▶ _About this exercise_
The listing below is to be duplicated exactly, with every picture omitted.
====== Given material ======
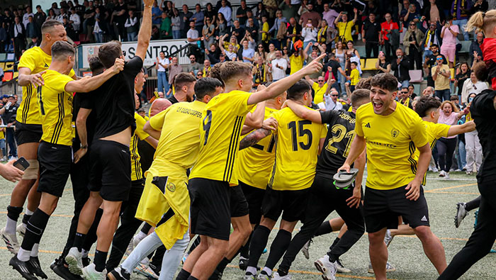 L’equip de Javi Calvo va certificar l’ascens matemàtic al camp del Santboià on es va imposar per 0-1 i ja acumula tres de consecutius
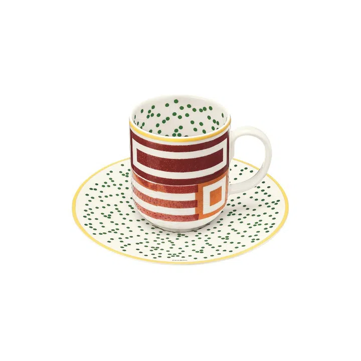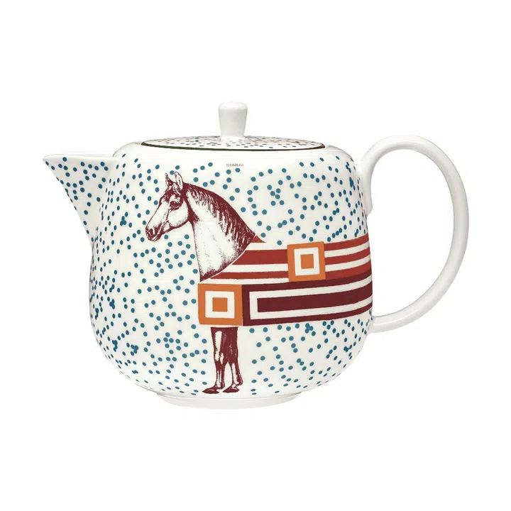 Called Hippomobile, the porcelain tea set collection was designed by artist Gianpaolo Pagni who drew inspiration from jockey silks and the world of cartoons, spans items like teapots, dessert plates, cups, a cake platter in fun vibrant hues.
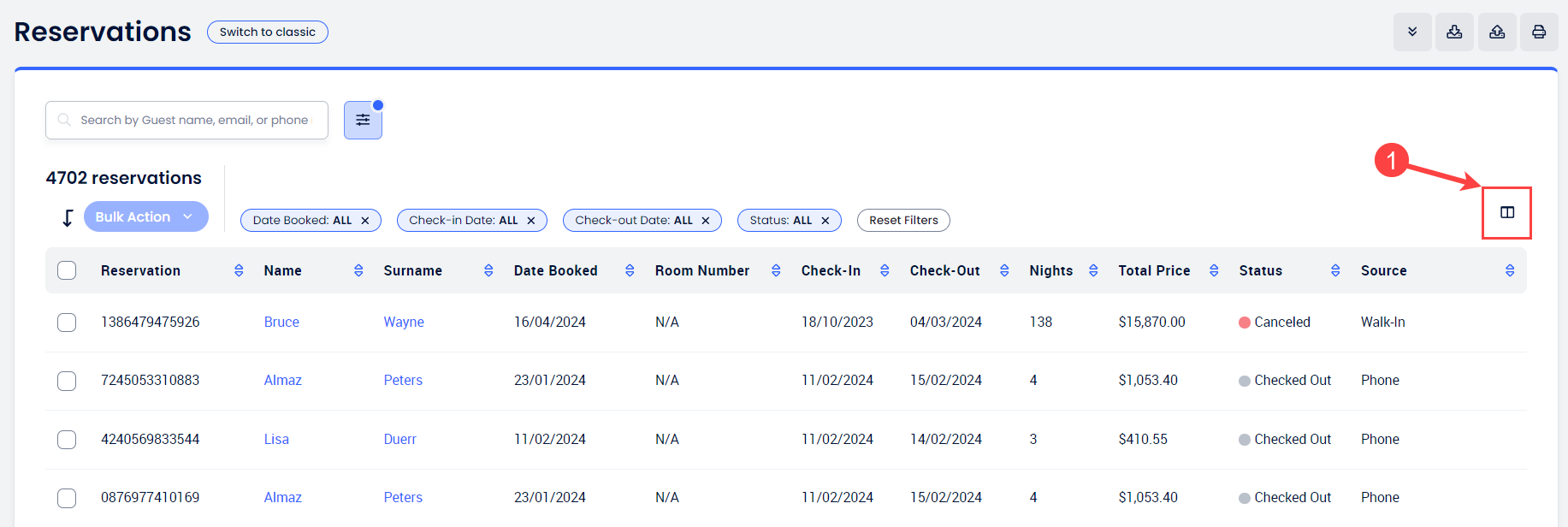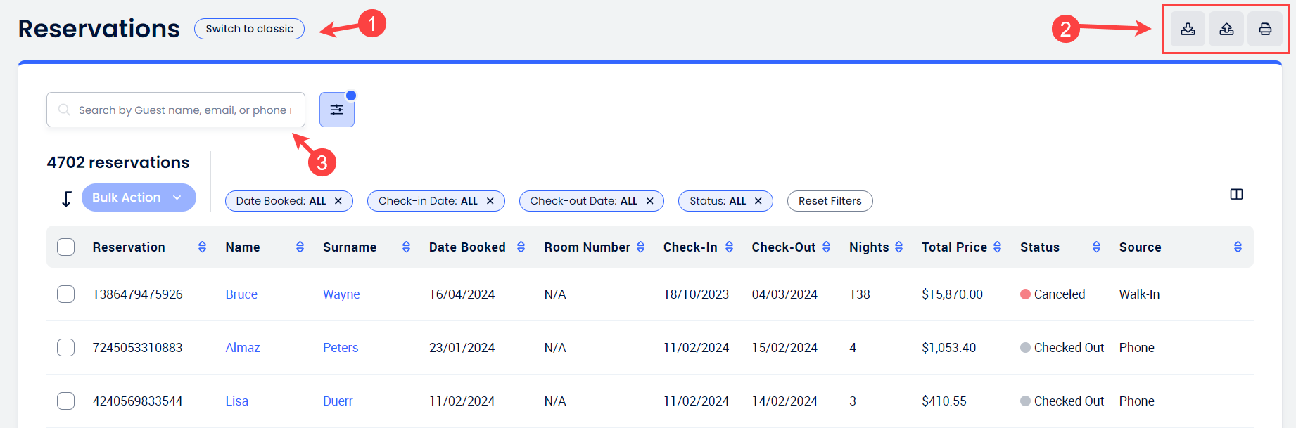 - Arama çubuğu: Ad, soyad, rezervasyon numarası, e-posta veya telefon numarasına göre ara.
======
▶ _Problem solution_
 L’equip de Javi Calvo va certificar l’ascens matemàtic al camp del Santboià on es va imposar per 0-1 i ja acumula tres de consecutius
 Called Hippomobile, the porcelain tea set collection was designed by artist Gianpaolo Pagni who drew inspiration from jockey silks and the world of cartoons, spans items like teapots, dessert plates, cups, a cake platter in fun vibrant hues.
 - Arama çubuğu: Ad, soyad, rezervasyon numarası, e-posta veya telefon numarasına göre ara.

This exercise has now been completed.